Web Sites Influencing Used Car Buyers

From Digital Dealer
Thursday, November 1, 2007
Issue 44

Among late-model used-vehicle buyers who use the Internet during the shopping process, Internet use has surpassed all other shopping methods as the source for locating the vehicle a buyer ultimately purchases, according to the J.D. Power and Associates 2007 Used Autoshopper.com Study released late last week.

The study finds that Internet vehicle locators, such as Autotrader.com, CarMax.com, Cars.com and eBay Motors, are increasingly leading consumers to the actual vehicle they buy. In 2007, nearly one in four buyers of late-model used vehicles (23 percent) used an Internet vehicle locator or online classified ad services to find the vehicle they purchased — a 44 percent increase since 2006. In addition, 2007 marks the first year that Internet use surpasses all other shopping methods in locating the vehicle a buyer ultimately purchases. The proportion of used-vehicle buyers who use the Internet in the shopping process and who ultimately found the vehicle they purchased on the Internet is 10 percentage points greater than the number of shoppers who found their vehicle through the second-most-popular method, visiting dealer lots.

“This is just one indication that use of the Internet is now perhaps the most efficient source for shopping for and purchasing late-model used vehicles,” said Jon Osborn, research director at J.D. Power and Associates. “In the past, the majority of used-vehicle automotive Internet users relied on the traditional method of driving around to dealer lots to find the vehicle they ultimately bought. However, as the number of Web sites specializing in the used-vehicle market continues to grow, and the use of video, photos and improved dealer inventory management tools proliferates, we can expect that consumer use of the Internet for used-vehicle shopping and for actually finding a desired vehicle online will continue to increase.”

Consumer-generated automotive content (CGC) is dramatically affecting Internet usage for used-vehicle shopping, as consumers are offering their own experiences and opinions on makes, models and dealerships. With hundreds of sites listing shopping tips, vehicle reviews, pictures and vehicle specifications, CGC is becoming a highly sought-after and trusted source of information for consumers to help determine their buying decisions. The study finds that slightly more than seven in 10 used-vehicle automotive Internet users (72 percent) use CGC on the Internet either while they are shopping for their vehicle or after they purchase it. By far, the most popular types of CGC are consumer ratings and reviews, with two-thirds of used-vehicle automotive Internet users accessing this type of content for automotive information.

“Not only are reviews written by consumers frequently accessed, but also the buyers who use them rate them as the most helpful of all types of consumer-generated content,” said Osborn. “Among used-vehicle automotive Internet users who access consumer-generated ratings and reviews, 94 percent say the information is either ‘somewhat helpful’ or ‘very helpful.’ With this level of utility, CGC is one area that consumers will continue to seek out and may even expect to find on all automotive Web sites.”

The study finds various gender-based differences in used-vehicle shopping trends among automotive Internet users.
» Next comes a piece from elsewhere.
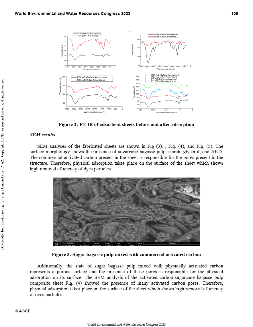 Industrial wastewater often contains considerable amounts of toxic pollutants that would endanger public health and the environment. In developing countries, these toxins are often discharged into natural ecosystems without pretreatment as it requires costly treatment processes, which causes long-term harmful socioeconomic impacts. Employing wastewater treatment plants using physical, biological, and chemical methods to clean the wastewater is considered by many nations the answer to the environmental crises. The treated water could be used for targeting the irrigation systems in its majority, as it is biologically acceptable for that specific use, which economizes the use of freshwater sources for municipal use specifically. This study presents a novel method for fabricating an efficient adsorbent sheet for wastewater treatment. The sheets are fabricated by combining sugarcane bagasse pulp as a scaffold with commercial, naturally activated carbon and bimetallic-prepared adsorbents. Fava beans and algae biomass are utilized in the production of activated carbon because of their high carbon contents, availability, and low cost. The prepared composite sheets are synthesized and investigated for several pollutants' removal such as methyl orange, crystal violet dyes, and chromium heavy metals. These pollutants are selected due to the high discharge amount and toxic effect on aquatic life. FT-IR and SEM analyses are used to characterize the samples. To determine the mechanism of adsorption, the intra-particle diffuse, pseudo-first-order, and pseudo-second-order kinetic models are used to test the experimental data. All the prepared sheets can retain the pollutants, with the best removal efficiency of 96.24% for methyl orange adsorption onto the bio-composite mixed sheet. For methyl orange, the error values and correlation coefficient R2of 0.971 and 0.951 shows that the Temkin isotherm and pseudo-first-order kinetic model, respectively, are capable of providing the highest goodness of fit for the experimental data. The results of the isotherms and kinetics parameter sets provided valuable proof that the adsorption of methyl orange onto the bio-composite sheet is an endothermic phenomenon involving both chemical and physical adsorption. © World Environmental and Water Resources Congress 2023.All rights reserved

For example, women not only tend to decide to buy a vehicle earlier in the purchase process than do men (15.9 weeks before the date of purchase compared with 14.1 weeks), but also decide upon the vehicle type and model earlier than do men. In addition, at the beginning of the shopping process, men are much more likely to know the make of vehicle they want than women (49 percent vs. 38 percent), while a much higher proportion of women are initially open to any vehicle that would meet their needs than are men (22 percent vs. 13 percent).

The 2007 Used Autoshopper.com Study is based on responses from 5,476 used-vehicle buyers who purchased pre-owned 2002-2007 model-year vehicles in January and February 2007.